PROBLEM TO WORK ON:
What is needed is an exact repeat of the lines from the one holding "Сделка является опасной, если" through the final line of the data, with no pictures.

SOURCE INFORMATION:
======

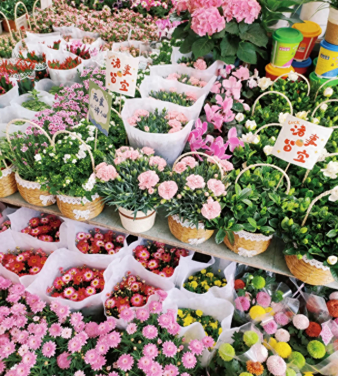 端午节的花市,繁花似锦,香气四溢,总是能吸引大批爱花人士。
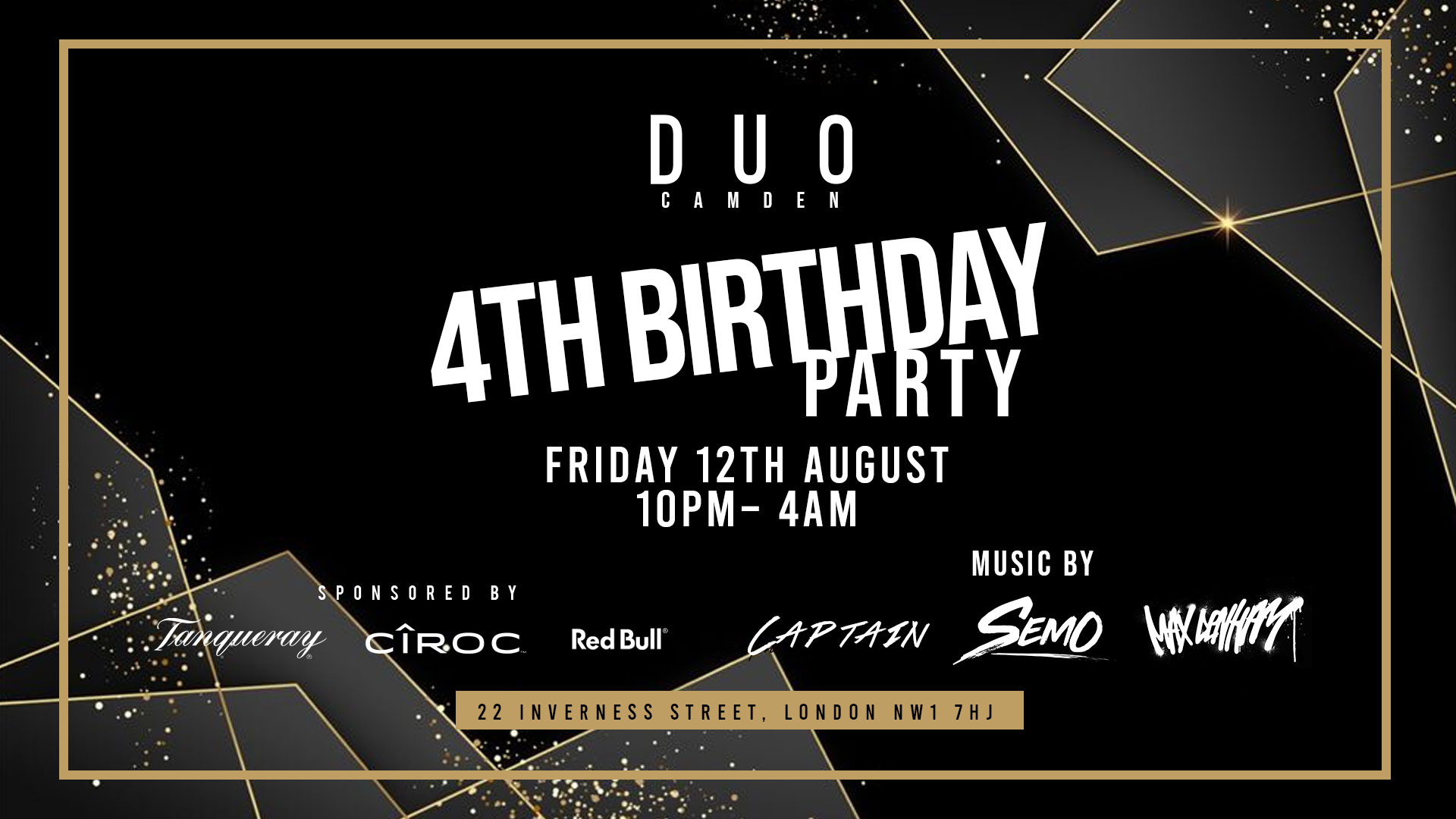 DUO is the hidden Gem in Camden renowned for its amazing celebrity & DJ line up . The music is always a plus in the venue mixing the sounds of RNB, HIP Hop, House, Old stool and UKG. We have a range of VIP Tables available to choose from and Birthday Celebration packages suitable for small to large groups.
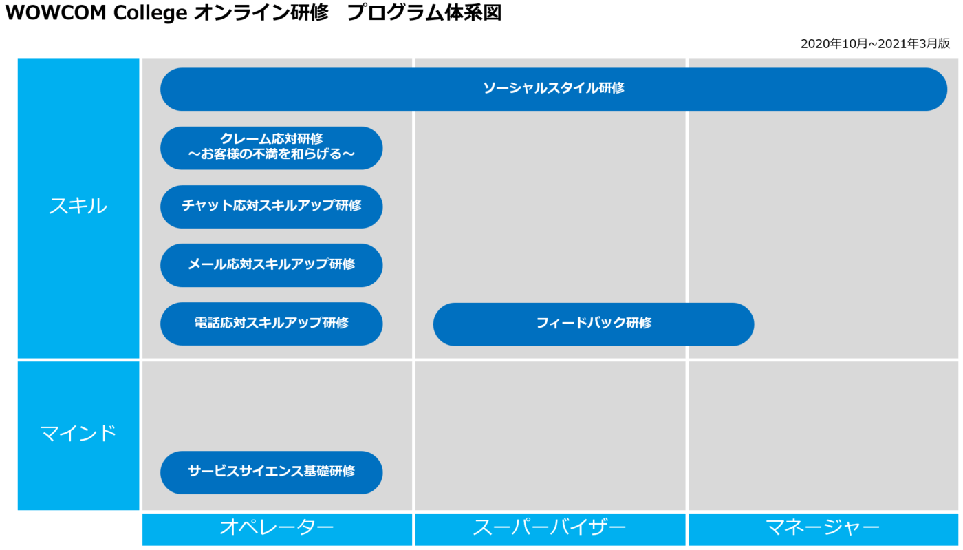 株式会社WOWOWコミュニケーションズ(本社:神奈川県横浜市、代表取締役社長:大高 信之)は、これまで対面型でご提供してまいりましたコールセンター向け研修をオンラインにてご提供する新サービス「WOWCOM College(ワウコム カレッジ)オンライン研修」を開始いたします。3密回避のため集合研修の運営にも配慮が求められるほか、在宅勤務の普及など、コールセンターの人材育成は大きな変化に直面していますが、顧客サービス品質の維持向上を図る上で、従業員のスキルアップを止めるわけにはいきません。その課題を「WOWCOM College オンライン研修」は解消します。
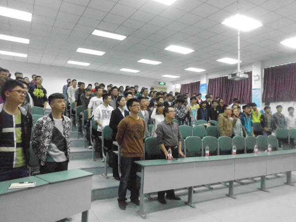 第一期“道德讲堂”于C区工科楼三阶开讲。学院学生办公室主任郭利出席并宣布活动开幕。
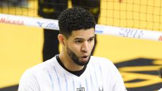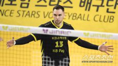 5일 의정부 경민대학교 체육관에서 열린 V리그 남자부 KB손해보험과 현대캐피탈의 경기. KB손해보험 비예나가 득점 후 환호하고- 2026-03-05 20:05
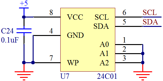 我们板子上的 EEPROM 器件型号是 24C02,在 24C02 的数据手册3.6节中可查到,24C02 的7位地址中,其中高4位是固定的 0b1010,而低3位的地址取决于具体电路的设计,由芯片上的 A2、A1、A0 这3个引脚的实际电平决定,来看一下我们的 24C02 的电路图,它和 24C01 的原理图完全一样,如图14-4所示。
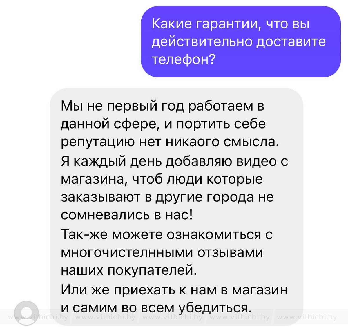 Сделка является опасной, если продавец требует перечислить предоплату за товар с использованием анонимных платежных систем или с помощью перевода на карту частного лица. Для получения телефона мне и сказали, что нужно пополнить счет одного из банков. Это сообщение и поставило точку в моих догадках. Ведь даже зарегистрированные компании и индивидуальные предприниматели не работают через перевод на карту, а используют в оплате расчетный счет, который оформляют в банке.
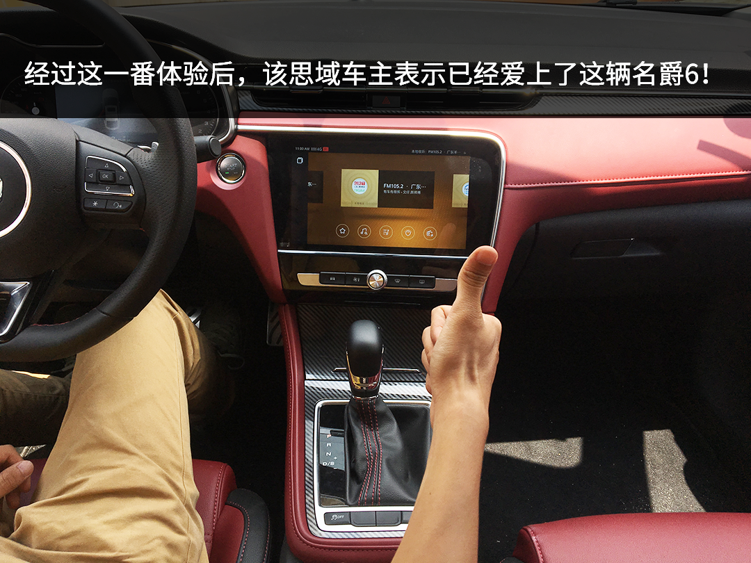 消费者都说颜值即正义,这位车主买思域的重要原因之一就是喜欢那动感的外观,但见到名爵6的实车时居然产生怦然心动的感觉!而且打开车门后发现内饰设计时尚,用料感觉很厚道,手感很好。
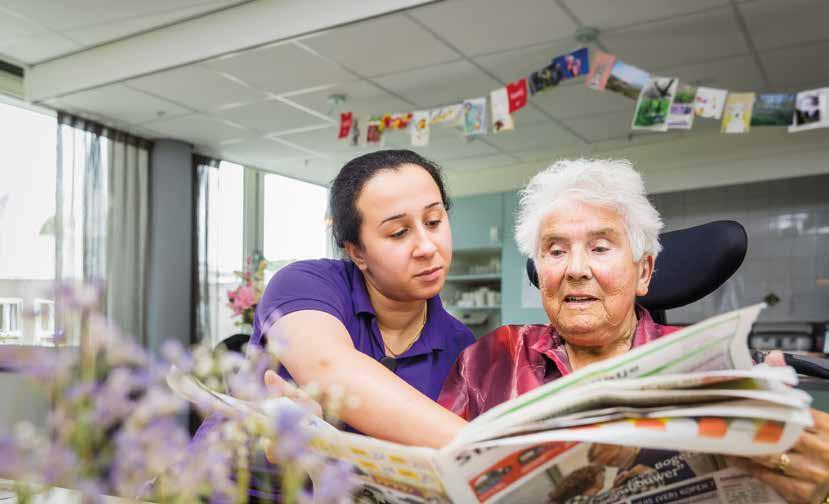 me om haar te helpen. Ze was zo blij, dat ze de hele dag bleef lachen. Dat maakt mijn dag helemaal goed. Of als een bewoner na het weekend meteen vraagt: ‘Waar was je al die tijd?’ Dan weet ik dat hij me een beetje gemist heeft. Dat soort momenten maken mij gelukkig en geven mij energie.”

======

WRITTEN SOLUTION:
 Сделка является опасной, если продавец требует перечислить предоплату за товар с использованием анонимных платежных систем или с помощью перевода на карту частного лица. Для получения телефона мне и сказали, что нужно пополнить счет одного из банков. Это сообщение и поставило точку в моих догадках. Ведь даже зарегистрированные компании и индивидуальные предприниматели не работают через перевод на карту, а используют в оплате расчетный счет, который оформляют в банке.
 消费者都说颜值即正义,这位车主买思域的重要原因之一就是喜欢那动感的外观,但见到名爵6的实车时居然产生怦然心动的感觉!而且打开车门后发现内饰设计时尚,用料感觉很厚道,手感很好。
 me om haar te helpen. Ze was zo blij, dat ze de hele dag bleef lachen. Dat maakt mijn dag helemaal goed. Of als een bewoner na het weekend meteen vraagt: ‘Waar was je al die tijd?’ Dan weet ik dat hij me een beetje gemist heeft. Dat soort momenten maken mij gelukkig en geven mij energie.”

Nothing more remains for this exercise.